IsoBayes is a Bayesian method to perform inference on single protein isoforms. Our approach infers the presence/absence of protein isoforms, and also estimates their abundance; additionally, it provides a measure of the uncertainty of these estimates, via: i) the posterior probability that a protein isoform is present in the sample; ii) a posterior credible interval of its abundance. IsoBayes inputs liquid cromatography mass spectrometry (MS) data, and can work with both PSM counts, and intensities. When available, trascript isoform abundances (i.e., TPMs) are also incorporated: TPMs are used to formulate an informative prior for the respective protein isoform relative abundance. We further identify isoforms where the relative abundance of proteins and transcripts significantly differ. We use a two-layer latent variable approach to model two sources of uncertainty typical of MS data: i) peptides may be erroneously detected (even when absent); ii) many peptides are compatible with multiple protein isoforms. In the first layer, we sample the presence/absence of each peptide based on its estimated probability of being mistakenly detected, also known as PEP (i.e., posterior error probability). In the second layer, for peptides that were estimated as being present, we allocate their abundance across the protein isoforms they map to. These two steps allow us to recover the presence and abundance of each protein isoform.

Details

The DESCRIPTION file:

Package: IsoBayes
Type: Package
Title: IsoBayes: Single Isoform protein inference Method via Bayesian Analyses
Version: 1.5.0
Description: IsoBayes is a Bayesian method to perform inference on single protein isoforms. Our approach infers the presence/absence of protein isoforms, and also estimates their abundance; additionally, it provides a measure of the uncertainty of these estimates, via: i) the posterior probability that a protein isoform is present in the sample; ii) a posterior credible interval of its abundance. IsoBayes inputs liquid cromatography mass spectrometry (MS) data, and can work with both PSM counts, and intensities.

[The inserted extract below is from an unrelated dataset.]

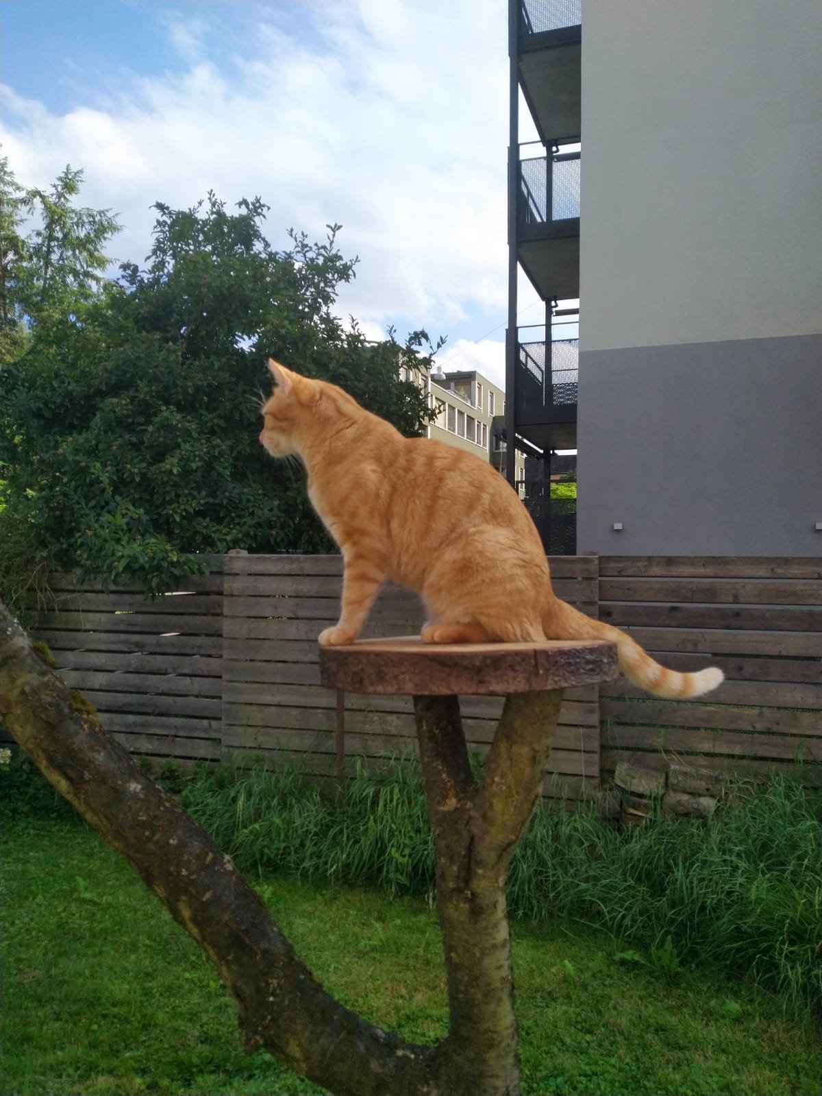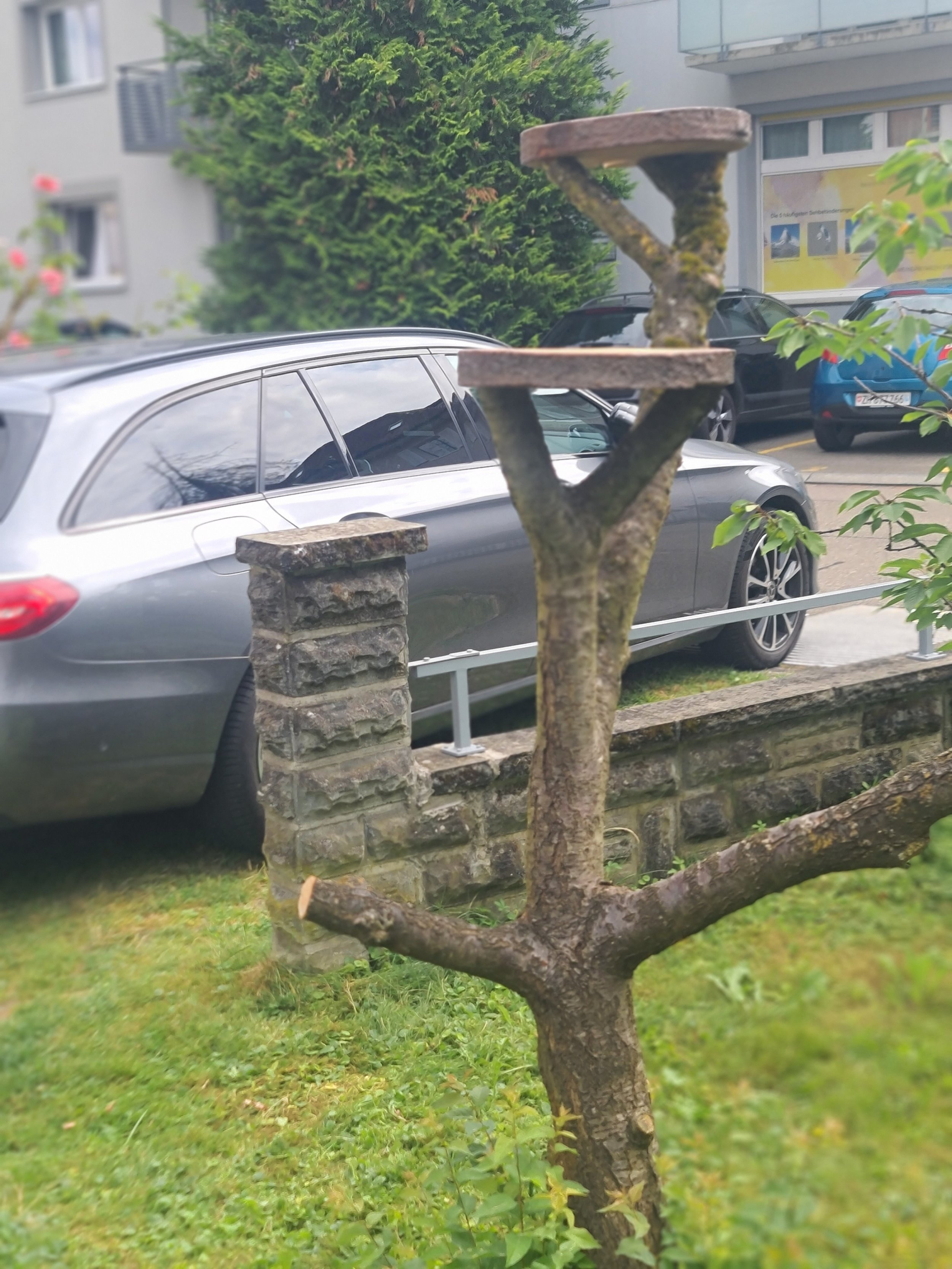 Neben dem Aussenparkplatz stand ein Apfelbaum ohne Äpfel. Er wurde am Welt Katzentag kurzerhand in einen Katzenkletterbaum umfunktioniert. Was die Kundin und die Katze freute.

When available, trascript isoform abundances (i.e., TPMs) are also incorporated: TPMs are used to formulate an informative prior for the respective protein isoform relative abundance. We further identify isoforms where the relative abundance of proteins and transcripts significantly differ. We use a two-layer latent variable approach to model two sources of uncertainty typical of MS data: i) peptides may be erroneously detected (even when absent); ii) many peptides are compatible with multiple protein isoforms. In the first layer, we sample the presence/absence of each peptide based on its estimated probability of being mistakenly detected, also known as PEP (i.e., posterior error probability). In the second layer, for peptides that were estimated as being present, we allocate their abundance across the protein isoforms they map to. These two steps allow us to recover the presence and abundance of each protein isoform.
Authors@R: c(person(given = "Jordy", family = "Bollon", role = c("aut"), email = "[email protected]"), person(given = "Simone", family = "Tiberi", role = c("aut", "cre"), email = "[email protected]", comment = c(ORCID = "0000-0002-3054-9964")))
biocViews: StatisticalMethod, Bayesian, Proteomics, MassSpectrometry, AlternativeSplicing, Sequencing, RNASeq, GeneExpression, Genetics, Visualization, Software
License: GPL-3
Depends: R (>= 4.3.0)
Imports: methods, Rcpp, data.table, glue, stats, doParallel, parallel, doRNG, foreach, iterators, ggplot2, HDInterval, SummarizedExperiment, S4Vectors
LinkingTo: Rcpp, RcppArmadillo
Suggests: knitr, rmarkdown, testthat, BiocStyle
SystemRequirements: C++17
VignetteBuilder: knitr
RoxygenNote: 7.3.2
ByteCompile: true
URL: https://github.com/SimoneTiberi/IsoBayes
BugReports: https://github.com/SimoneTiberi/IsoBayes/issues
Repository: https://bioc.r-universe.dev
RemoteUrl: https://github.com/bioc/IsoBayes
RemoteRef: HEAD
RemoteSha: 9b32421497662c8043e2e9b8ab747067577d713e
Author: Jordy Bollon [aut], Simone Tiberi [aut, cre] (<https://orcid.org/0000-0002-3054-9964>)
Maintainer: Simone Tiberi <[email protected]>

Questions relative to IsoBayes should be reported as a new issue at https://github.com/SimoneTiberi/IsoBayes/issues.

To access the vignettes, type: browseVignettes("IsoBayes").

Index of help topics:

IsoBayes-package        IsoBayes: Single Isoform protein inference
                        Method via Bayesian Analyses
generate_SE             Generate SummarizedExperiment object
inference               Run our two-layer latent variable Bayesian
                        model
input_data              Load and process input data
plot_relative_abundances
                        Plot isoform results
plot_traceplot          Traceplot of the (thinned) posterior chain of
                        the relative abundance of each protein isoform
                        (i.e., pi).

Author(s)

Jordy Bollon [email protected], Simone Tiberi [email protected]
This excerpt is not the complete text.